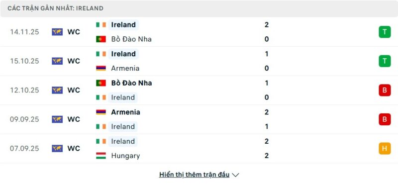 5 trận gần nhất của Ireland: W-W-L-L-D
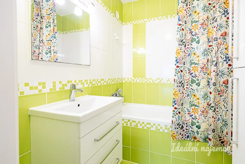 Koupelna je vybavena vanou, umyvadlem a zrcadlovou skříňkou. Toaleta je samostatná. V předsíni se nachází další velká šatní skříň a k bytu náleží také praktický sklep.
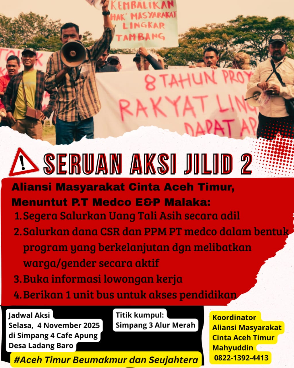 Keengganan tim relation perusahaan berkomunikasi terkait hal tersebut dengan warga, menyebabkan ratusan warga dari desa ring satu, menyatukan diri dalam Aliansi Masyarakat Cinta Aceh Timur yang akan melakukan aksi damai menyuarakan suara warga lingkar tambang pada tanggal 4 November 2025 di Simpang Cafe Apung ROW PT. Medco.
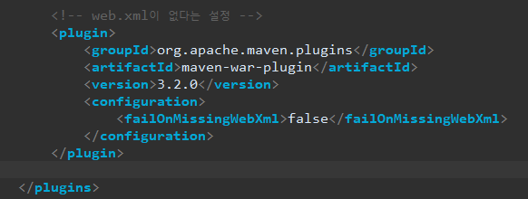 Java 설정을 이용하는 경우는 먼저 pom.xml에서 web.xml이 없어도 문제가 없도록 <plugin>을 추가합니다.

┄┄┄┄┄┄

* **THE TASK**: Write out exactly and only the lines that run from the start of the data above through the line containing "Koupelna je vybavena", leaving the pictures out.

* **SOLUTION**:
 5 trận gần nhất của Ireland: W-W-L-L-D
 Koupelna je vybavena vanou, umyvadlem a zrcadlovou skříňkou. Toaleta je samostatná. V předsíni se nachází další velká šatní skříň a k bytu náleží také praktický sklep.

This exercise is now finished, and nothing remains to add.